▶ DATA BELOW:
* * * * *
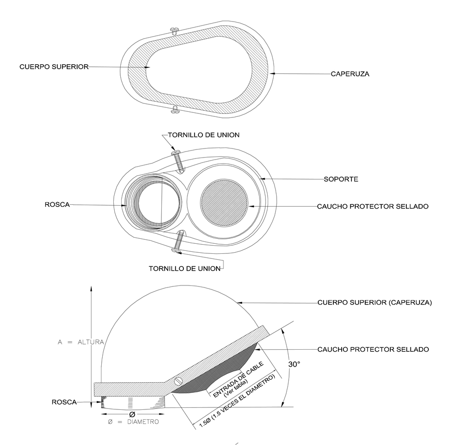 El método de fabricación puede ser: fundición, forjado, inyectado o cualquier otro método de aplicación técnica siempre que cumpla los requisitos técnicos de esta especificación.El capacete se conforma de dos cuerpos; el cuerpo superior que se denomina caperuza y la parte inferior que posee un soporte con rosca para tubo galvanizado IMC, dos tornillos de unión y un caucho protector que evita la entrada de agua.
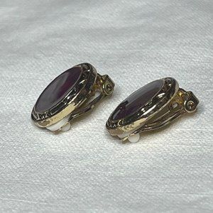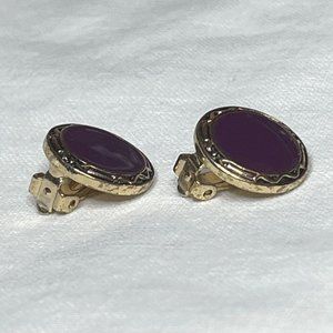 Vintage Purple Button Clip-On Earrings Round Gold-Tone Edge
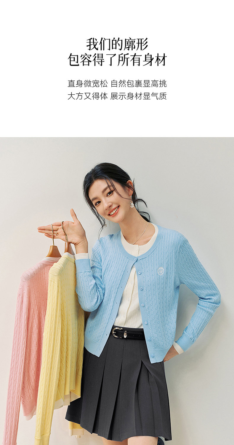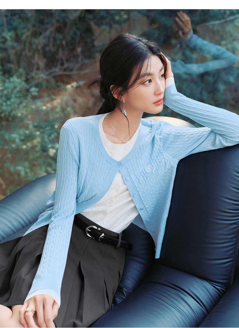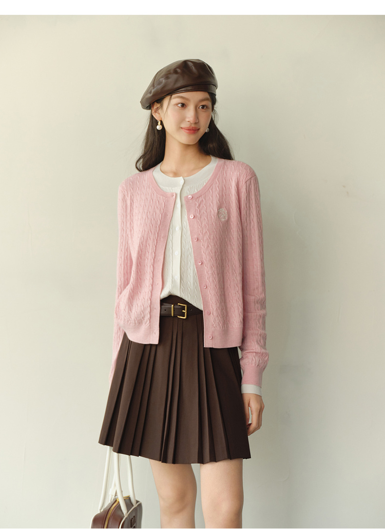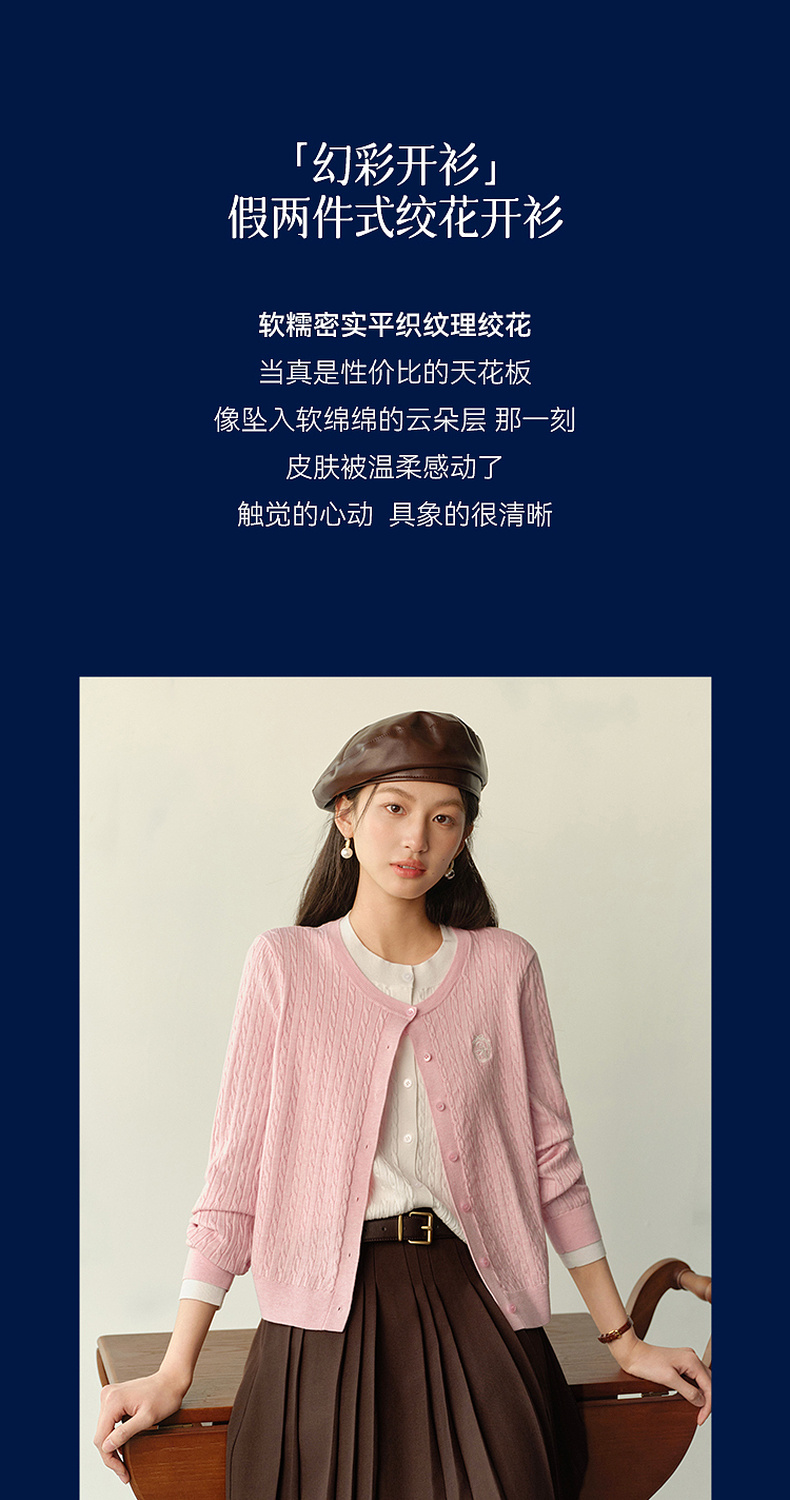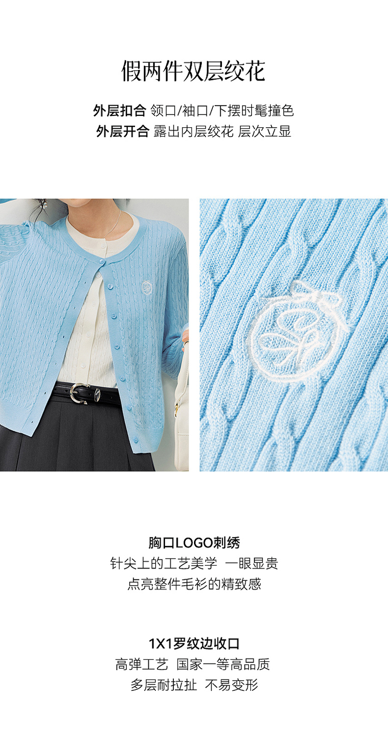 【严选】诗凡黎撞色假两件绞花针织开衫2026春新款刺绣圆领拼接设计感毛衣7HC430541
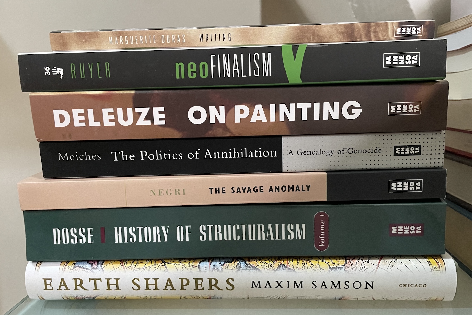 Mostly books from University of Minnesota Press, in recompense for review work, and Maxim Samson, Earth Shapers, sent by University of Chicago Press. The UMP books are Marguerite Duras, Writing; Raymond Ruyer, Neofinalism; Gilles Deleuze, On Painting; Benjamin Meiches, The Politics of Annihilation: A Genealogy of Genocide; Antonio Negri, The Savage Anomaly; and the first volume of François Dosse, History of Structuralism.
* * * * *
▶ WORK TO COMPLETE: Since the pictures are not wanted, transcribe only the rest of the material above, exactly as it stands.

▶ EXERCISE OUTPUT:
 El método de fabricación puede ser: fundición, forjado, inyectado o cualquier otro método de aplicación técnica siempre que cumpla los requisitos técnicos de esta especificación.El capacete se conforma de dos cuerpos; el cuerpo superior que se denomina caperuza y la parte inferior que posee un soporte con rosca para tubo galvanizado IMC, dos tornillos de unión y un caucho protector que evita la entrada de agua.
 Vintage Purple Button Clip-On Earrings Round Gold-Tone Edge
 【严选】诗凡黎撞色假两件绞花针织开衫2026春新款刺绣圆领拼接设计感毛衣7HC430541
 Mostly books from University of Minnesota Press, in recompense for review work, and Maxim Samson, Earth Shapers, sent by University of Chicago Press. The UMP books are Marguerite Duras, Writing; Raymond Ruyer, Neofinalism; Gilles Deleuze, On Painting; Benjamin Meiches, The Politics of Annihilation: A Genealogy of Genocide; Antonio Negri, The Savage Anomaly; and the first volume of François Dosse, History of Structuralism.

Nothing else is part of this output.